Exercise details:
Ignoring pictures, transcribe exactly the lines between the one containing "熱電偶輸入隔離式安全柵,可將" and the end of the material, both included.

Data section:
◆ ◆ ◆ ◆ ◆ ◆ ◆

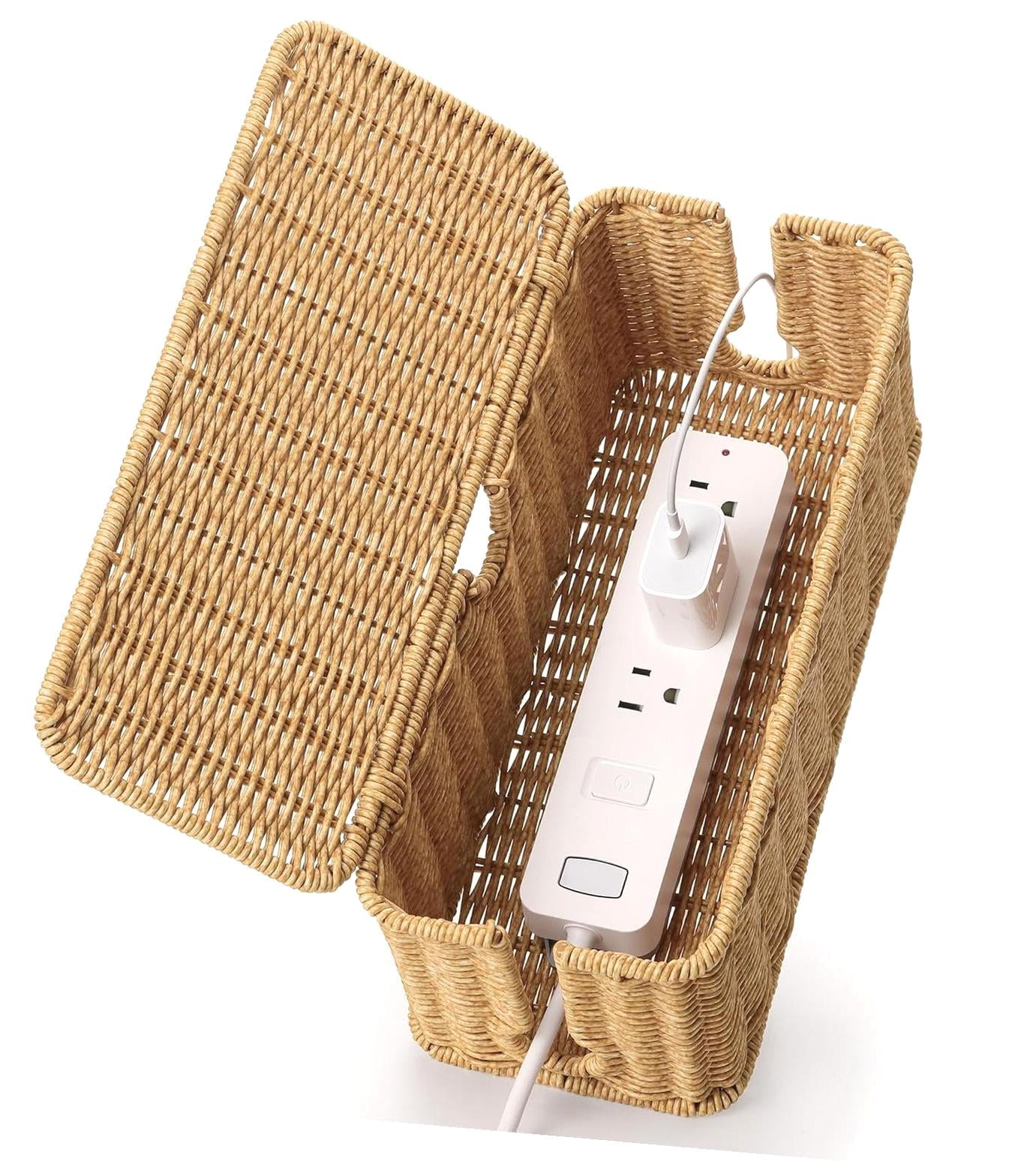 HYKE Cord Concealment Box in Brown, Faux Rattan Wire Manager Cord ...
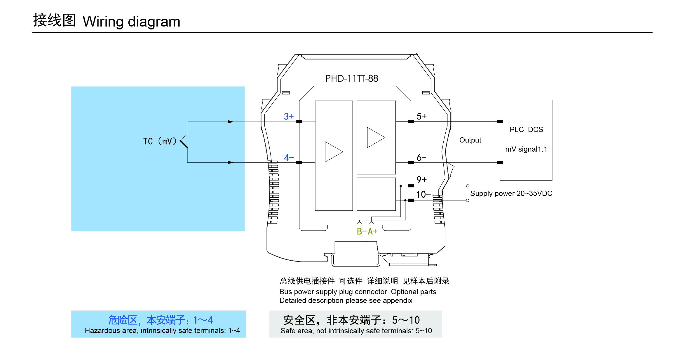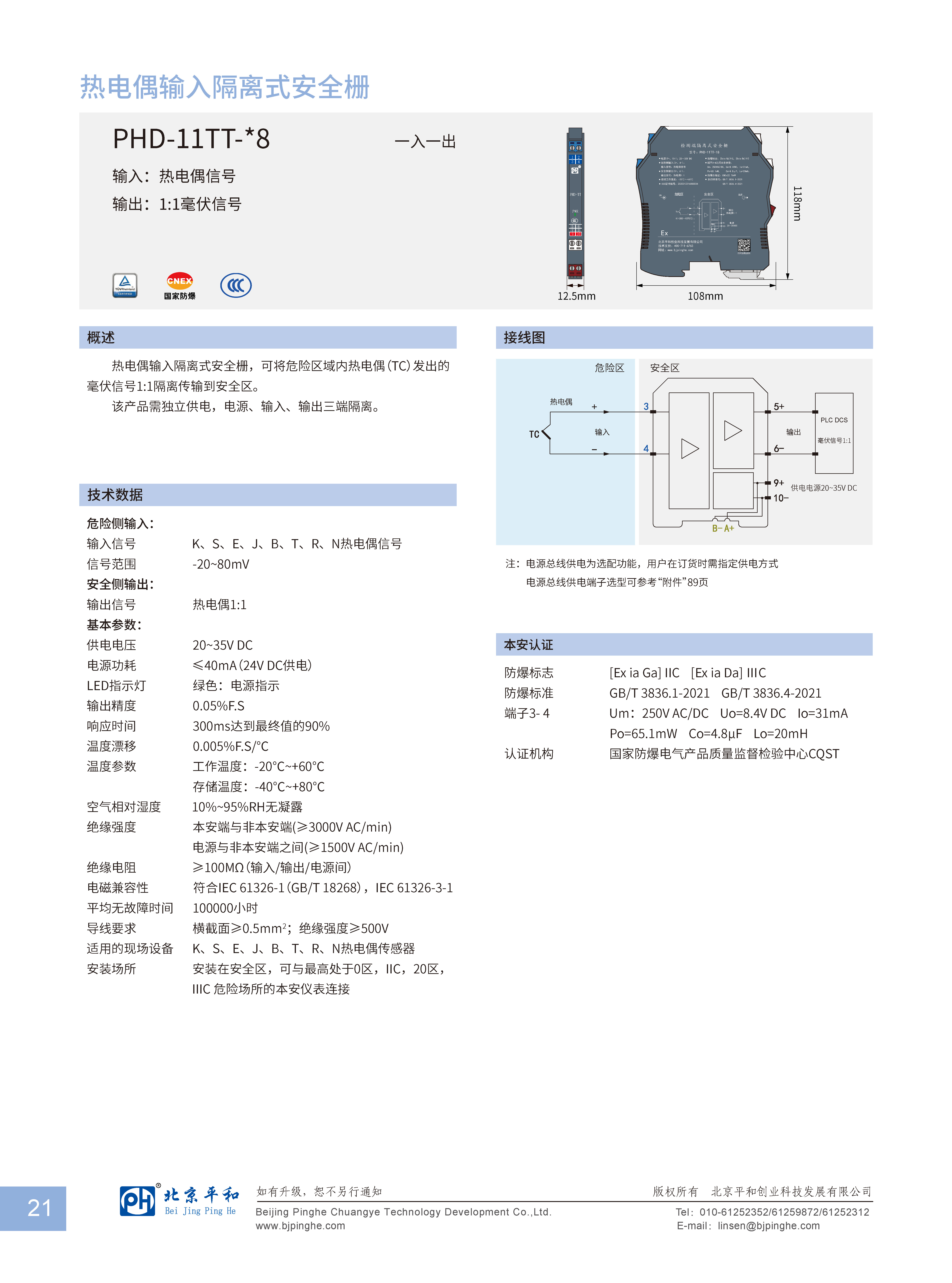 熱電偶輸入隔離式安全柵,可將危險(xiǎn)區(qū)域內(nèi)熱電偶(TC)發(fā)出的毫伏信號(hào)1:1隔離傳輸?shù)桨踩珔^(qū)。
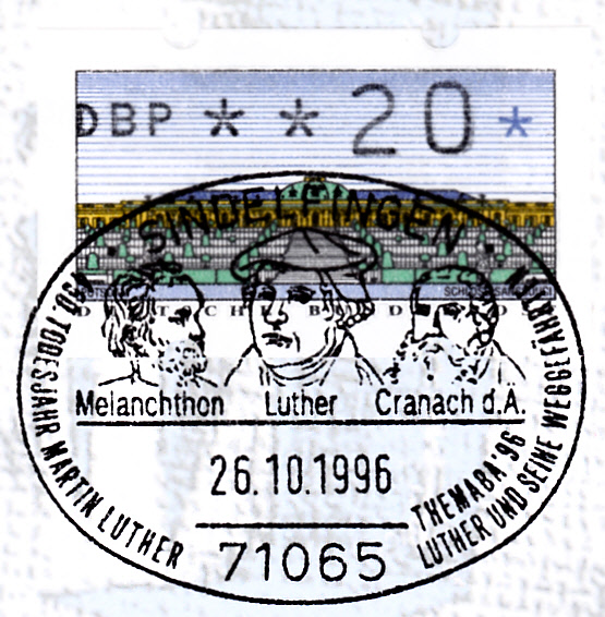 Der im vor-vorherigen Beitrag gezeigte Sonderstempel mit den Porträts von Melanchthon, Luther und Lucas Cranach dem Älteren wurde auch am 26.10.1996 eingesetzt, wie dieser Stempelabschlag zeigt.

◆ ◆ ◆ ◆ ◆ ◆ ◆

Reply:
 熱電偶輸入隔離式安全柵,可將危險(xiǎn)區(qū)域內(nèi)熱電偶(TC)發(fā)出的毫伏信號(hào)1:1隔離傳輸?shù)桨踩珔^(qū)。
 Der im vor-vorherigen Beitrag gezeigte Sonderstempel mit den Porträts von Melanchthon, Luther und Lucas Cranach dem Älteren wurde auch am 26.10.1996 eingesetzt, wie dieser Stempelabschlag zeigt.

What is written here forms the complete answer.